Q4. Construct a 2×2 matrix where:
(i) aᵢⱼ = (i + j)²
(ii) aᵢⱼ = i × j

Answer:
(i)
[[4, 9],
[9, 16]]

(ii)
[[1, 2],
[2, 4]]

Q5. Construct a 3×2 matrix where:
(i) aᵢⱼ = i + j
(ii) aᵢⱼ = i² + j²

Answer:
(i)
[[2, 3],
[3, 4],
[4, 5]]

(ii)
[[2, 5],
[5, 8],
[10, 13]]

NCERT Class 12 Math Chapter 3 Matrices All Exercise – Exercise 3.2

Q1. Find the values of x, y, and z from the following equations:

(i)
[[x + y, 2],
[5, z – 1]] = [[6, 2],
[5, 3]]

Answer:
Compare corresponding elements:
x + y = 6 → (1)
2 = 2 (OK)
5 = 5 (OK)
z – 1 = 3 → z = 4

From (1): x + y = 6
Let’s keep x and y as variables or any valid pair like x = 2, y = 4

(ii)
[[x, 5],
[9, y + 1]] = [[3, 5],
[9, 6]]

Answer:
x = 3
5 = 5 (OK)
9 = 9 (OK)
y + 1 = 6 → y = 5

(iii)
[[x, y],
[z, 1]] = [[2, –1],
[3, 1]]

Answer:
x = 2
y = –1
z = 3
1 = 1 (OK)

Q2. If matrix A = [[1, 2], [3, 4]], then write A + A and 2A.

Answer:
A + A = [[1+1, 2+2], [3+3, 4+4]] = [[2, 4], [6, 8]]
2A = [[2×1, 2×2], [2×3, 2×4]] = [[2, 4], [6, 8]]

Q3. If A = [[2, 3], [4, 5]] and B = [[1, 0], [7, 5]], find A + B and A – B.

Answer:
A + B = [[2+1, 3+0], [4+7, 5+5]] = [[3, 3], [11, 10]]
A – B = [[2–1, 3–0], [4–7, 5–5]] = [[1, 3], [–3, 0]]

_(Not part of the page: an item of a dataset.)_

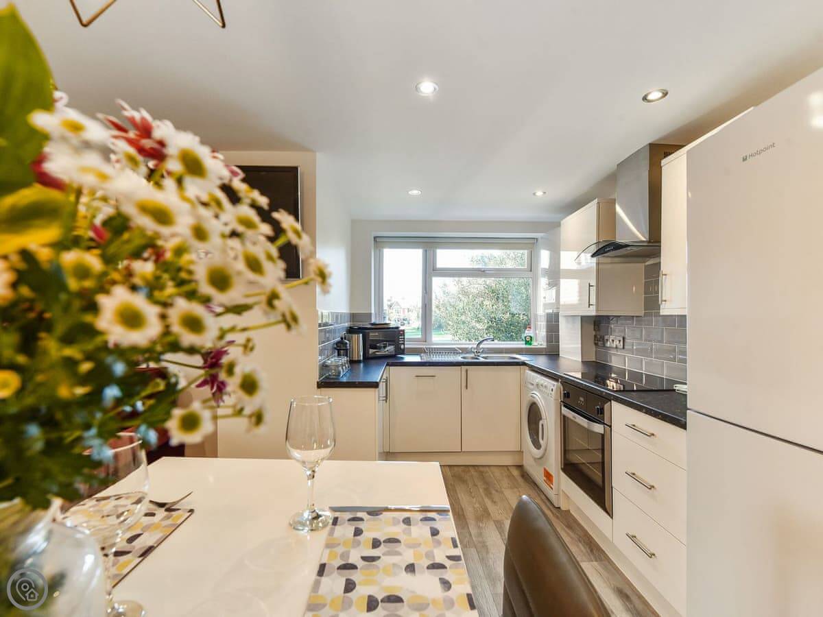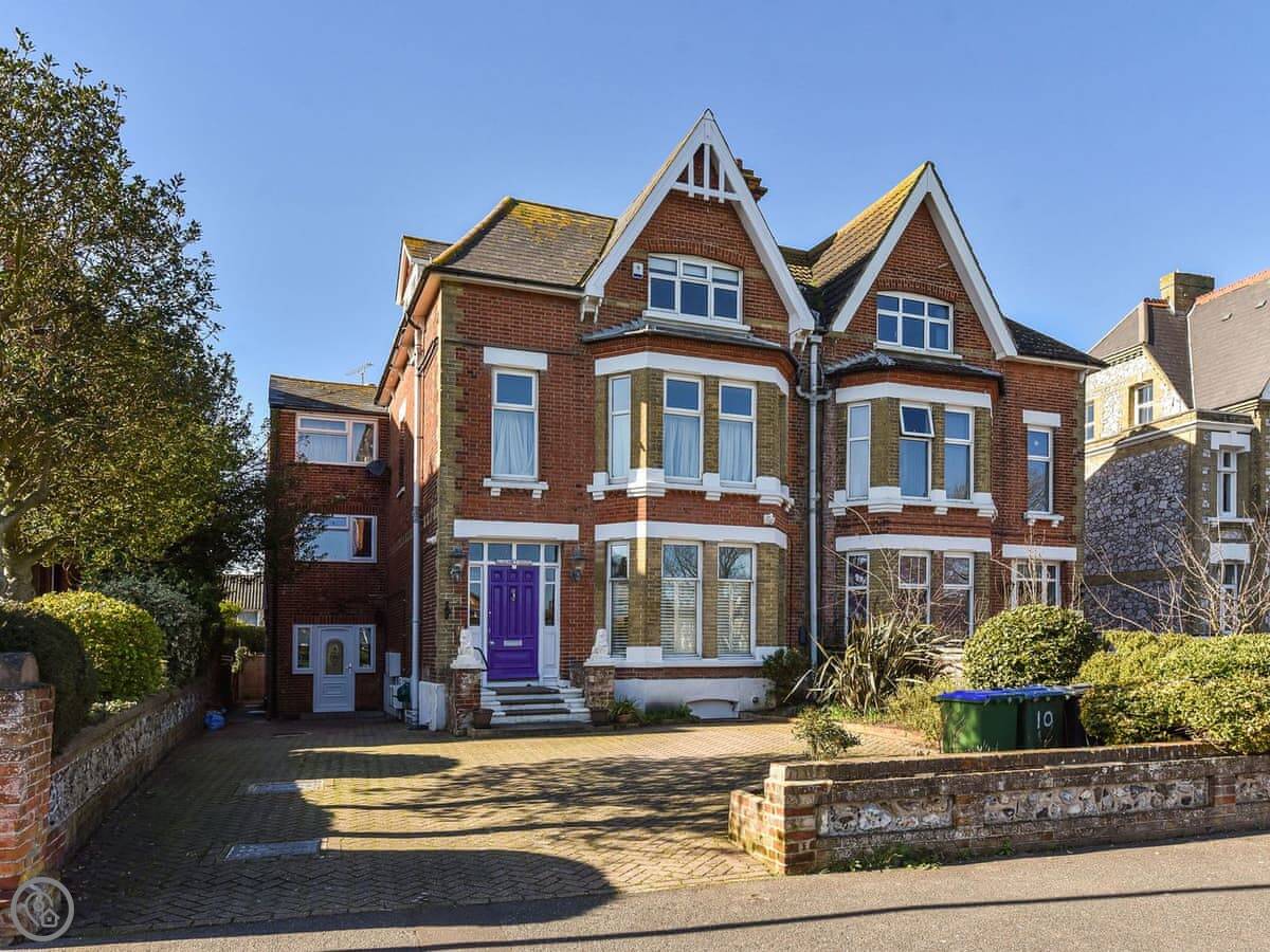 This is Flat 2 in Littlehampton. It's a modern apartment on a residential street. You look out over a green.

Q4. Verify: k(A + B) = kA + kB for
A = [[2, 3], [4, 5]],
B = [[1, 0], [7, 5]],
k = 2

Answer:
A + B = [[3, 3], [11, 10]]
k(A + B) = 2 × [[3, 3], [11, 10]] = [[6, 6], [22, 20]]
kA = 2 × [[2, 3], [4, 5]] = [[4, 6], [8, 10]]
kB = 2 × [[1, 0], [7, 5]] = [[2, 0], [14, 10]]
kA + kB = [[4+2, 6+0], [8+14, 10+10]] = [[6, 6], [22, 20]]
Hence, verified.

Q5. Find the matrix X such that
2X + [[1, 2], [3, 4]] = [[7, 8], [9, 10]]

Answer:
2X = [[7–1, 8–2], [9–3, 10–4]] = [[6, 6], [6, 6]]
X = [[6/2, 6/2], [6/2, 6/2]] = [[3, 3], [3, 3]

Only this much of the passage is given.